To assure the federative union of Ethiopia and Eritrea, the Unionist Party (UP) was established in Asmara on 5 May 1941, shortly after the Emperor returned to the throne after five years in exile. Demonstrations in Asmara declaimed the affinity between Ethiopia and Eritrea. From 1943, the UP incorporated with the Separatist Movement, which sought to establish the ethnic, cultural and political unity of Tigreans residing in Eritrea, resulting in a resistance movement against the Haile Selassie administration known as the Woyane rebellion.

On 2 December 1950, the United Nations General Assembly passed Resolution 390 to federate Eritrea with Ethiopia as "an autonomous unit...under the sovereignty of the Ethiopian Crown". The UN General Assembly also elected Anze Matienzo ad UN Commissioner for Eritrea in order to consult with BA, the Ethiopian government and the Eritrean people to draft an Eritrean constitution, and assist the Eritrean Assembly to consider the constitution.

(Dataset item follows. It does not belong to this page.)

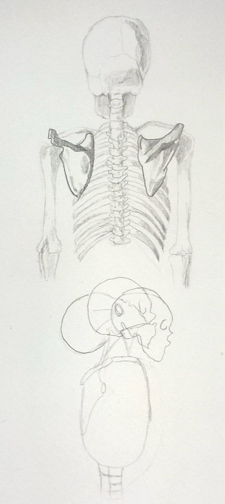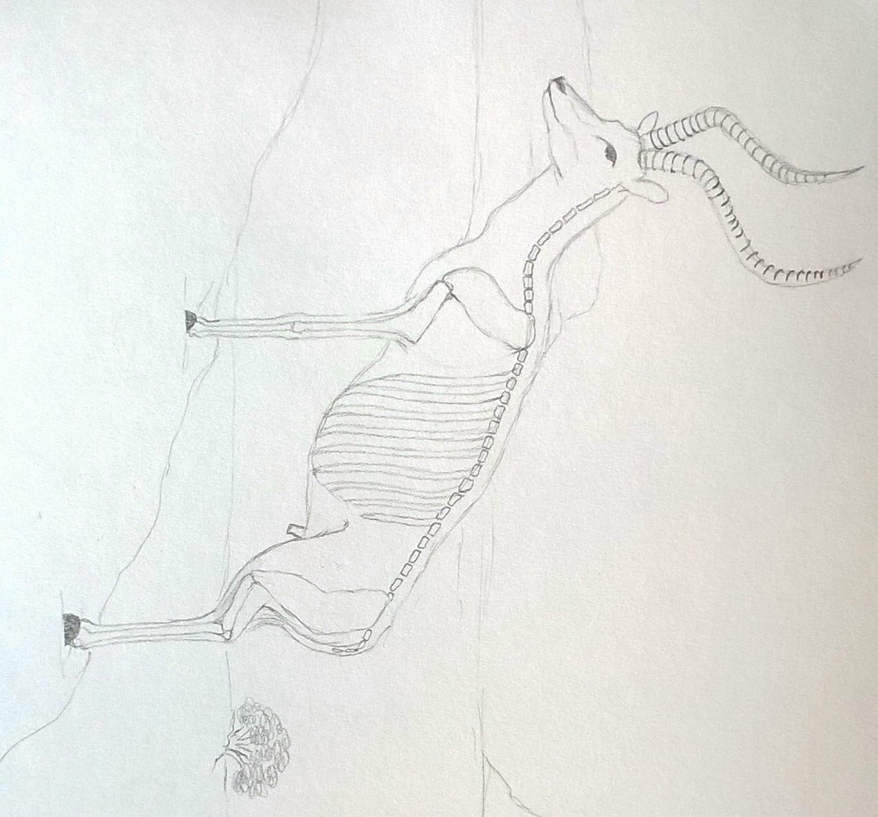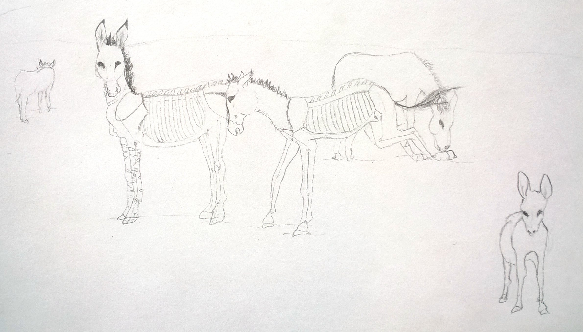 Die Skellette sind nach einer Vorlage im Buch gezeichnet. Anschließend war die Aufgabe, an Fotos lebender Tiere zu erahnen, wie der Knochenbau darunter aussehen müsste: Wo ist das Knie, wo der Hacken, wo der Ellenbogen? Dabei ist es eher unwichtig, wie jeder Knochen im einzelnen aussieht, denn woher sollte man das wissen? Doch der schematische Körperbau, auf den es hier ankam, ist den Schülern erstaunlich gut gelungen. Schließlich traut man im allgemeinen solche Aufgaben erst Erwachsenen im Hochschulstudium zu.

Eritrea federated with Ethiopia on 1 September 1952.

The lack of democracy in the empire incited upheaval in Eritrean society. For instance, an infringement on Eritrean judiciary body neglected the Eritrean Constitution as the supreme law of the land, and a drastic increase in tariffs in Eritrea with a 20% increase in the cost of living, led to a strike in October 1952, denouncing the economic hardship imposed on the population. On 30 September 1952, Proclamation number 30 issued by Haile Selassie, inciting a violation of Article 85 of the Eritrean Constitution. Formal opposition was generally repressed, citing corruption. However, resentment grew against the government of the Ethiopian Empire, and opposition was expressed primarily in song. In September 1960, a strike in Asmara demanded restoration of the Eritrean flag and seal, with 300–400 students participating. Protestors often were imprisoned; some were sent to Ethiopia to serve their prison terms. Eritrean resistance resurged by 1961, leading to the Eritrean War of Independence.

===Separation of Eritrea and Ethiopia===
In 1991, the Ethiopian People's Revolutionary Democratic Front (EPRDF), a coalition who fought the Derg government during the Ethiopian Civil War, seized power over the Ethiopian government. A UN-monitored referendum was held in April 1993, with a majority of Eritreans favoring independence, and resulting in the recognition of an Eritrean government. On 28 May 1993, the new state of Eritrea was admitted to the United Nations.